Reproduce the whole listing that follows, character for character, and drop the images.

**Source data**
-------------------------

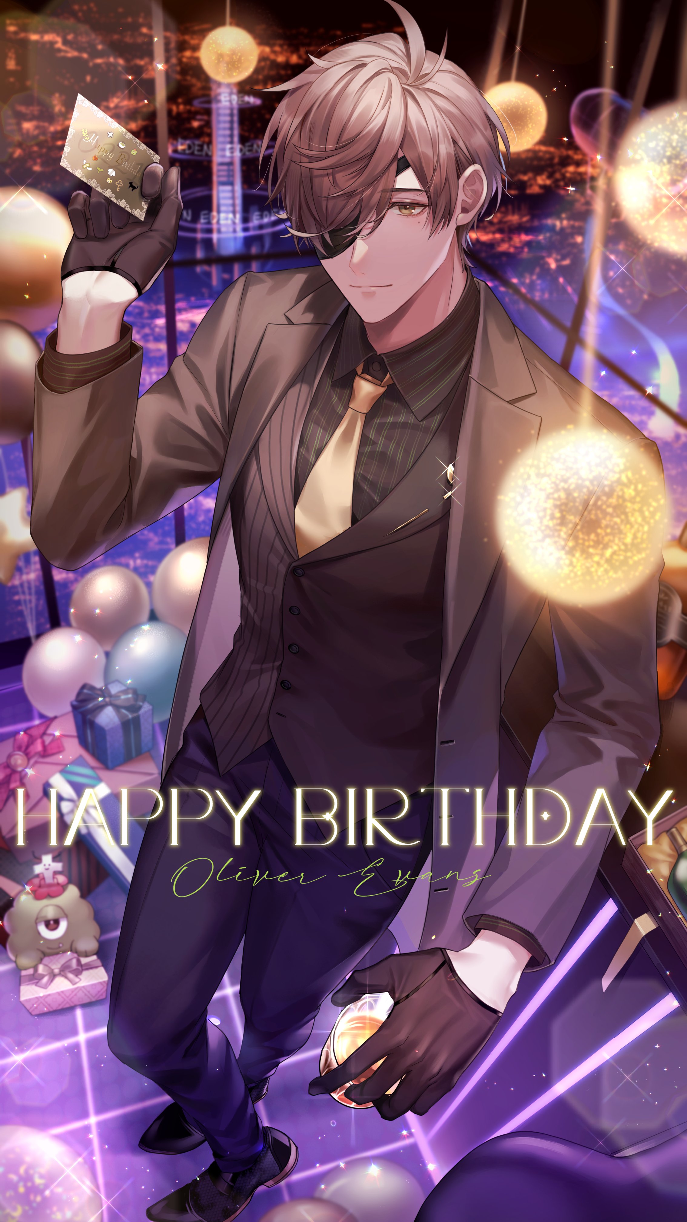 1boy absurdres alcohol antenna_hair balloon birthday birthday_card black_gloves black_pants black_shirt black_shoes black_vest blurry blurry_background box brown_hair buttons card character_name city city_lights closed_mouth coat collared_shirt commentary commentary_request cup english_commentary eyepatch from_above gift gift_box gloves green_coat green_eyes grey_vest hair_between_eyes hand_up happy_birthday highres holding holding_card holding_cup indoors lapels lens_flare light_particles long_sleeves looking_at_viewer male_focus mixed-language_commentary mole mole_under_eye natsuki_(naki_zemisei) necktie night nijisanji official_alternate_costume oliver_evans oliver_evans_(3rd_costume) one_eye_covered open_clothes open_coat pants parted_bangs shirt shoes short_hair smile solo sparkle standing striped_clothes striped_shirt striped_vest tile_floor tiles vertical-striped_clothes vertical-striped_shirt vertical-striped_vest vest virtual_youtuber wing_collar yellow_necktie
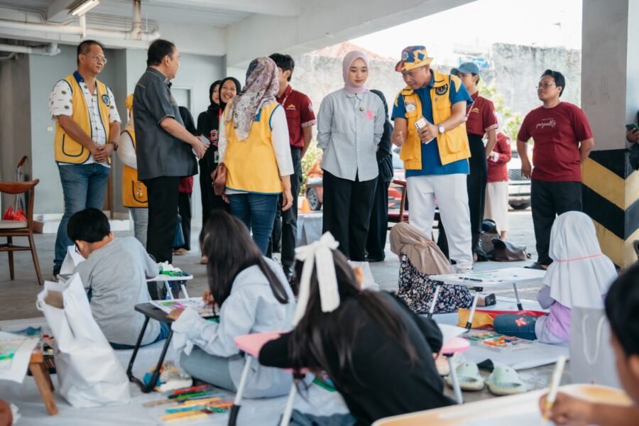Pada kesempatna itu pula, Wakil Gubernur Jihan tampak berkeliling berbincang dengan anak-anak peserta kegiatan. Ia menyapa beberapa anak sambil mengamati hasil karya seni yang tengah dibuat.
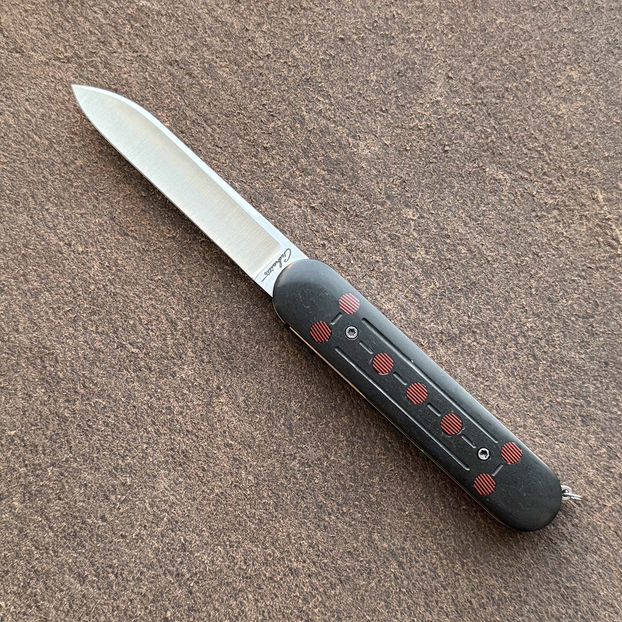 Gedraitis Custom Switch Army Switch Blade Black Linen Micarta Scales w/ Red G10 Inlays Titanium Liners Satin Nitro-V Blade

-------------------------

**Solution below**
 1boy absurdres alcohol antenna_hair balloon birthday birthday_card black_gloves black_pants black_shirt black_shoes black_vest blurry blurry_background box brown_hair buttons card character_name city city_lights closed_mouth coat collared_shirt commentary commentary_request cup english_commentary eyepatch from_above gift gift_box gloves green_coat green_eyes grey_vest hair_between_eyes hand_up happy_birthday highres holding holding_card holding_cup indoors lapels lens_flare light_particles long_sleeves looking_at_viewer male_focus mixed-language_commentary mole mole_under_eye natsuki_(naki_zemisei) necktie night nijisanji official_alternate_costume oliver_evans oliver_evans_(3rd_costume) one_eye_covered open_clothes open_coat pants parted_bangs shirt shoes short_hair smile solo sparkle standing striped_clothes striped_shirt striped_vest tile_floor tiles vertical-striped_clothes vertical-striped_shirt vertical-striped_vest vest virtual_youtuber wing_collar yellow_necktie
Pada kesempatna itu pula, Wakil Gubernur Jihan tampak berkeliling berbincang dengan anak-anak peserta kegiatan. Ia menyapa beberapa anak sambil mengamati hasil karya seni yang tengah dibuat.
 Gedraitis Custom Switch Army Switch Blade Black Linen Micarta Scales w/ Red G10 Inlays Titanium Liners Satin Nitro-V Blade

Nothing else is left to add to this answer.